Fixing our country and our world will require transformational policies — or, as Sanders calls it, a “political revolution.” And yes — enacting those policies will require exactly the kind of struggle that Sanders envisioned and earnestly acknowledged during the Democratic primary. Those crises will not just go away or get better by replacing Trump with a Democratic president who prioritizes comity, decorum, and incrementalism over struggle, conflict, and radical change.

But can candidates win office while admitting that?

In every contested primary, progressives will inevitably face Joe Bidens — corporate-backed moderates who reassure us that there is no need for a slog, who tell us a fantastical and inspiring tale about how we can fix the country through half measures, bipartisanship, and polite requests for national unity.

In the face of that appealing sales pitch, can progressive candidates up and down the ballot win power while leveling with voters about how hard it will be to actually save our country and the planet?

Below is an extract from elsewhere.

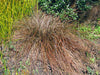 Carex Flagellifera Red - A very popular medium grass with rich bronze/ blood red colour. Upright form. Good contrast - texture plant. Hardy in very cold climates and drought conditions. Mature height 60cm x Width 60cm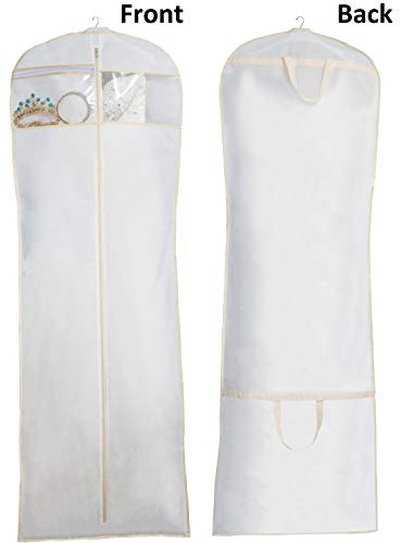 A zipper pocket for holds jewelry accessories, wedding veil,collar and pins ect, clear pvc window to view in without having to unzip the whole bridal gown garment bag;

On that score, the results of the 2020 Democratic primary were not a hopeful sign. However, reality may finally be overwhelming the power of fantasy.

Since Biden became the presumptive nominee, more than 167,000 Americans have died in a lethal pandemic, and millions have lost their existing health care coverage — all as the economy has continued to enrich billionaires. At the same time, an explosion of police violence and mass protest has spotlighted the bigotry and inequality tearing apart the social fabric of communities across the country. Meanwhile, the climate crisis helped create a 100 degree day in the Arctic Circle.

In light of these emergencies, politicians face an altered political topography. They risk looking tone-deaf if they try to pretend that the panacea is some easy half measure or singular electoral victory. The converse is also true — candidates may end up seeming more authentic and electable by fessing up to impending cataclysms and echoing the call for the kind of struggle that will be necessary to rescue ourselves.

In short, events occurring outside of the political arena in the terrestrial world — in the streets, hospitals, schools, and communities we live in — are intervening to change elections in a way that could make honesty a winning strategy.

If that shift continues, it will be unfolding at too late a moment to put Sanders in the White House — but if we are lucky, it will happen in time to save the world.